Что касается меня, то я не могу претендовать на рекорд в абсолютном молчании, хотя с трех часов пополудни в субботу и до одиннадцати часов утра в понедельник я выслушал по меньшей мере две тысячи вопросов от трех помощников окружного прокурора и Джо Мэрфи, начальника отдела по расследованию убийств при окружной прокуратуре. Причем его вопросы не имели ничего общего с убийством. Мэрфи хотел в точности знать, почему Вулфу и мне понадобилось в субботу так много времени, чтобы надеть пальто, и откуда «Газетт» оперативно получила сведения о нашем аресте, успев поместить их в вечернем выпуске.

Отвечать ему я отказывался с особым удовольствием, радуясь случаю натянуть ему нос и оказать брюнету с блондином маленькую услугу, а вот с другими было потруднее, и мои челюсти уже ныли, потому что постоянно приходилось их судорожно стискивать. Беда в том, что мне нравится быстро и находчиво отвечать, и представители правосудия это хорошо знали и старались изо всех сил вовлечь меня в разговор. Двое из них делали это довольно ловко. Отказ отвечать на вопросы вовсе не означает, что у вас есть выбор, а он предполагает абсолютное молчание, и об этом нужно постоянно помнить.

Из всех тюремных камер, в которых мне довелось спать, — включая и кутузку в Уайт-Плейнсе, в тридцати милях от города, — наихудшей оказалась в Нью-Йорке. Причем наихудшей во всех отношениях: скверное питание, грязь, дурной запах, беспокойные сокамерники, непомерные цены на все и вся — от газет до второго одеяла. С Вулфом я не виделся. Не стану распространяться о своих чувствах к нему в течение этих пятидесяти с небольшим часов; скажу только, что они были разными. Ему, безусловно, приходилось труднее, чем мне, но он сам полез на рожон. Я не воспользовался своим правом на один телефонный разговор и не позвонил Натаниэлю Паркеру, предполагая, что это сделает Вулф. Кроме того, Паркер, где бы он ни находился, наверняка читал воскресный номер «Таймс». Но где же он все-таки был сейчас, то есть в понедельник вечером около шести часов? Я сидел на своей койке и старался делать вид, что меня ничто не беспокоит. А проблема — по крайней мере одна из проблем — заключалась в том, что завтра день выборов, и судьи могут не быть на месте — еще одна причина для волнений. Опытный частный детектив обязан знать, работают ли судьи в день выборов, а я не имел ни малейшего представления. В довершение всех несчастий нужно было еще подвернуться этим выборам, а я лишен возможности проголосовать за Кэри. Мои размышления прервали шаги в коридоре, заскрипел поворачиваемый в замке ключ, и незнакомый мне охранник произнес:

— Вас требуют вниз, Гудвин. Мне кажется, вам лучше захватить с собой все ваши вещи.

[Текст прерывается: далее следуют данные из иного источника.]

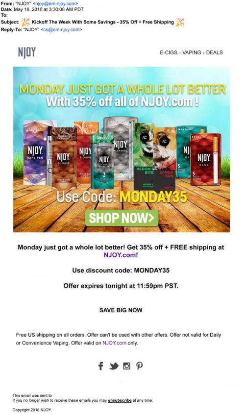 NJOY email with a sale to kickoff Monday in May 2016. Includes a discount code for use on purchases made through the brand website.

Обширным багажом я не располагал. Рассовав по карманам кое-какие мелочи, я вышел. Заключенный в соседней камере что-то сказал, но я не обратил на него внимания. Охранник провел меня по коридору до двери со стальными засовами, толщиной с мое запястье, которые открывались с помощью ключа, и дальше к лифту. Пока мы ожидали, он заметил:

— Вы двести двадцать четвертый.

— Неужели? А я и не знал, что у меня есть номер.

— У вас его нет. Столько прошло через мои руки парней, снимки которых публиковали газеты.

— За сколько же лет?

— Двенадцать. Будет в январе.

— Спасибо за информацию. Значит, двести двадцать четвертый. Интересная у вас работа.

— Это вы назвали ее интересной. Для меня она — просто работа.

Лифт остановился перед нами.

В просторном помещении на первом этаже, куда мы проследовали, ярко горели все лампы. Натаниэль Паркер сидел на деревянном стуле возле большого письменного стола, за которым расположился чиновник в форме; другой чиновник в такой же форме стоял рядом. Когда я приблизился, Паркер встал, и мы обменялись рукопожатиями. Чиновник, который стоял, протянул мне карточку размером пять на восемь дюймов и, указывая на кучку предметов на столе, сказал:

— Если все в наличии, распишитесь в строке, отмеченной пунктиром. Ваше пальто там на стуле.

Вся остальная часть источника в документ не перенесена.